Nvidia Corporation (NVDA) is expected to report earnings on Thursday November 7 after the market close. Analysts' estimates are for the company to earn $0.20 per share versus the $0.33 per share that the company earned in the same quarter a year ago. Nvidia's margins are looking to be soft, as the company will likely be pressured to cut prices in order to compete with Advanced Micro Devices, Inc. (AMD) new lower priced GPU's. Nvidia knows it must move beyond its core PC gaming market to other attractive markets. As a result the company is moving into mobile and they just released their first ever gaming device, called the Shield. NVDA says everything it has shipped so far has sold out. In addition, NVDA has been getting into the automotive infotainment segment which management believes could be a $1 billion annual business for them in a few years. Should investors buy, sell or hold shares of NVDA before the earnings release?

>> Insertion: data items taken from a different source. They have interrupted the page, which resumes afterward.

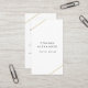 Modern geometrisk lodrät affärskort med två guld-linjer, en över den översta lämnat och en över grund-högerna över en vit bakgrund. I mitten står ert namn och er titel. På baksidan finns din kontaktinformation. En minimalistisk utformning som fortfarande framträder som chic och snyggt. Denna utformning är underbar för många yrken, bland annat en insida-designer, hårstilist, makeup artist med mera.
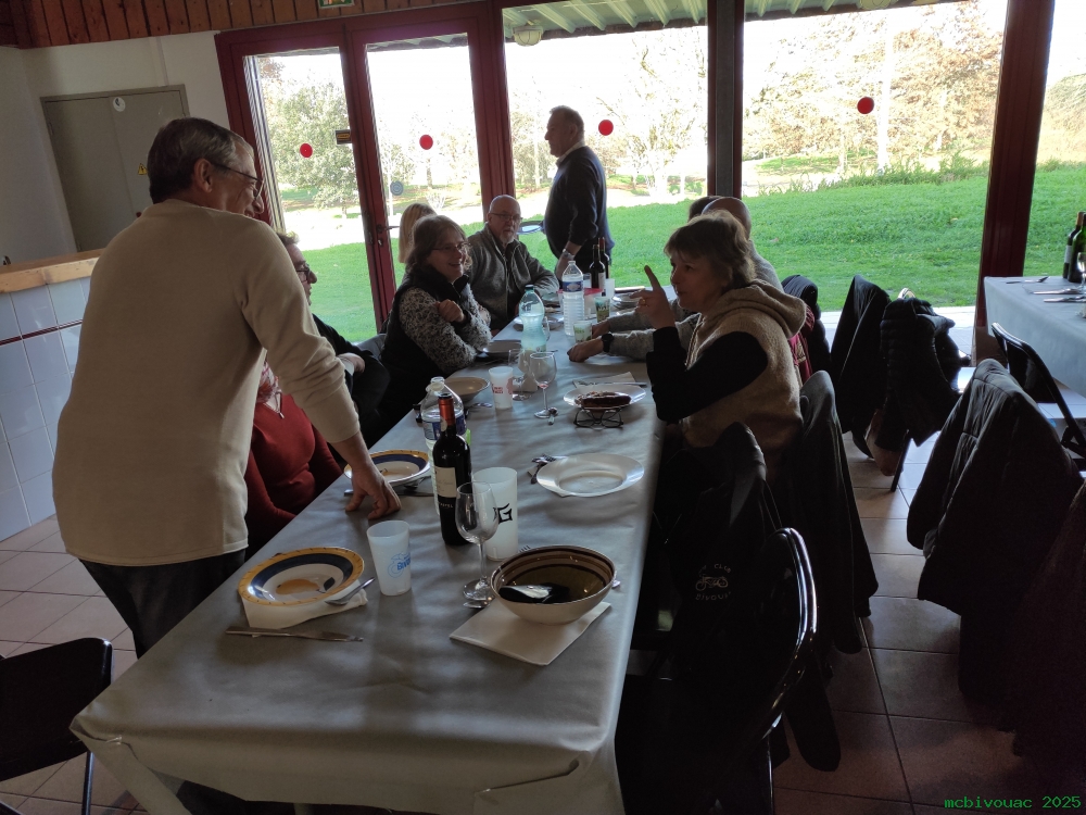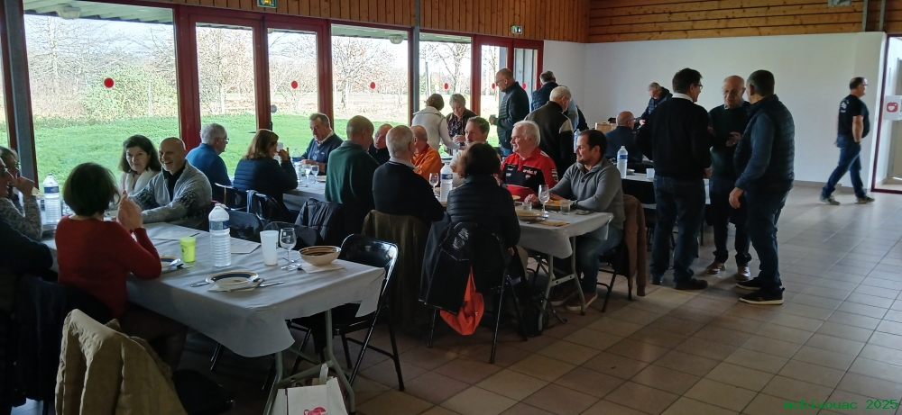 Les membres du Club et leurs conjoint(e)s se sont retrouvés à la salle festive du domaine du Pinsan pour partager un bon repas dans une ambiance chaleureuse. Pas moins de 46 participants étaient au rendez-vous !
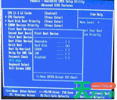4、再选择第一启动设备(First Boot Device):该版本的BIOS这里没有U盘的“USB-HDD”、“USB-ZIP”之类的选项,经尝试选择移动设备“Removable”不能启动,但选择“Hard Disk”可以启动电脑 。
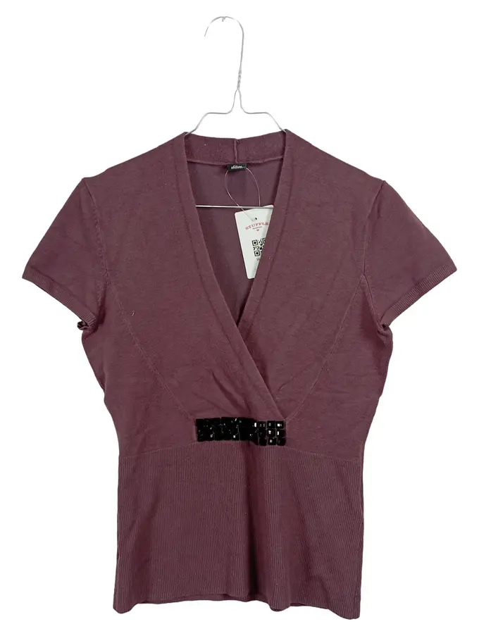 Selection Damen Top Gr. 36 Lila Wickeloptik Pailletten Elegant

Shares of NVDA are up about 23% YTD, but the stock has been fallen more than 6% in the last few weeks. Based on the NVDA real-time trading report published by Stock Traders Daily, the stock recently broke below support, which means support is now converted resistance, and as long as the stock remains below converted resistance, as defined in our real time trading report, we expect lower levels. That would make NVDA a sell/short at resistance, with risk controls in place if resistance breaks higher.
Navigating earnings can be tricky, sometimes investor's earnings expectations are correct, but the stocks actually do the opposite of what they think it should have done after earnings, so our opinion based on price can help make investors make more well-rounded and sound investment decisions.